In high performance computing,
performance is kind of a big deal.
And the first step in performance analysis
and performance improvement
is
profiling.
High performance computing almost always entails some
form of parallelism.
And parallel programs are plain hard. They’re harder to write,
harder to debug, and harder to profile.
gprof
gprof
is pretty great. Just compile your code with -pg
, and -g
,
$ gcc -pg -g -O0 hello.c bye.c -o hibye.exe
run your code as usual,
and you’ll see gmon.out
. Now,
$ gprof hibye.exe gmon.out
should summarize the performance of your code.
Beware, gprof
will not
pick up on any calls to shared library functions.
OK, that’s a downer, and
there’s lots more. But it’s easy to use, and gives me quick results.
With the legacy code I work with, where there are no shared library calls,
gprof
is pretty awesome.
gprof + MPI
gprof
isn’t designed to work with MPI code.
But, as is generally the case with these things,
it’s possible with sufficient abuse:
First, set the environment variable GMON_OUT_PREFIX
:
$ export GMON_OUT_PREFIX=gmon.out-
Then, the usual business:
$ mpicc -pg -g -O0 hello.c bye.c -o hibye.exe
$ mpiexec -n 32 hibye.exe
You should see 32 (or however many processes) files,
with names gmon.out-<pid>
.
This is an undocumented feature of glibc
,
and it really shouldn’t be - it’s massively useful.
Now you have a separate gmon.out
file for every
MPI process. Awesome. Sum them:
$ gprof -s hibye.exe gmon.out-*
And use the resulting gmon.sum
to generate
gprof
output:
$ gprof hibye.exe gmon.sum
Now, I haven’t figured out how to replace the pid
with the MPI rank -
this could be exponentially more useful to some users.

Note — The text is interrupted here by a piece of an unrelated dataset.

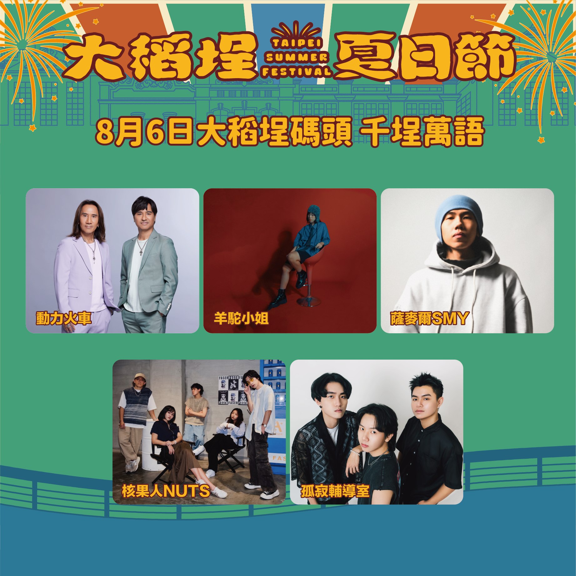 時間表線上直播搜索相片會場位置演出陣容 分享TwitterFacebookLine2025年大稻埕夏日節8月6日-8月30日大稻埕碼頭2025年大稻埕夏日節8月6日(三)-8月30日(六)2025年大稻埕夏日節將在台灣舉辦,為期4天,最多一天有2個舞台,共有30個演出。官方網站直播平台:Youtube - 臺北市政府Youtube - Vidol TV三立新聞網直播室Facebook - 台北旅遊網Facebook - 我是台北人訂閱2025年大稻埕夏日節(Taipei Summer Festival 2025),最完整的演出名單陣容、電視直播資訊、線上直播、節目表、時間表、會場地圖、場地資訊、Live Stream、Lineup、Set Times、Timetable和Schedule都在這裡。時間表第1天8月6日(三)18:00第2天8月13日(三)18:00第3天8月20日(三)16:30第4天8月30日(六)15:00線上直播第1天8月6日(三)18:00第2天8月13日(三)18:00第3天8月20日(三)16:30第4天8月30日(六)15:00搜索大稻埕碼頭08/3021:00宇宙人大稻埕碼頭08/3020:10怕胖團大稻埕碼頭08/3020:00「愛情來得正是時候」煙火秀大稻埕碼頭08/3019:30陳華大稻埕碼頭08/3018:50溫室雜草大稻埕碼頭08/3018:20呂允大稻埕碼頭08/3017:40公館青少年大稻埕碼頭08/3017:10胡恂舞大稻埕碼頭08/3016:30蕎Chiao大稻埕永樂廣場08/3016:20粗大Band大稻埕永樂廣場08/3015:40打倒三明治大稻埕永樂廣場08/3015:00Tickle Tickle癢癢123相片海報演出陣容會場地圖會場位置大稻埕碼頭 Google Maps台北市大同區民生西路演出陣容第1天動力火車羊駝小姐薩麥爾核果人NUTS孤寂輔導室第2天眠氣紙鳶伯爵白桑尼第3天紙鳶伯爵白Denzel Cheng固定客你阿伯沈默紳士第4天打倒三明治粗大BandTickle Tickle 癢癢怕胖團陳華宇宙人溫室雜草SABRINA胡恂舞呂允蕎公館青少年🔥2025年大稻埕夏日節第1天時間表第2天時間表第3天時間表第4天時間表直播平台 - Youtube - 臺北市政府直播平台 - Youtube - Vidol TV直播平台 - 三立新聞網直播室直播平台 - Facebook - 台北旅遊網直播平台 - Facebook - 我是台北人會場位置(Google Maps) - 大稻埕碼頭會場地圖

And the method mentioned in the source doesn’t really
seem to be working.
But I’m sure this is possible with some ingenuity.
mpiP
mpiP is a neat little
tool for profiling MPI applications.
In particular, it’s extremely useful in figuring out
how much your application is spending time communicating
relative to computing.
The documentation for setting up and using mpiP
is complete (good), but small (better).
Once you have mpiP
set up, profiling your code is
as easy as linking it with the mpiP
library and some
other stuff it needs:
$ mpicc -g -O0 hello.c bye.c -o hibye.exe -lmpiP -liberty -lbfd -lunwind
Running your code (mpiexec
) will produce mpiP
output.
I’ve found that while gprof
and mpiP
are great tools
that do different things, using them both gives
me a very good idea of where my programs are spending time
and where I should focus optimization efforts.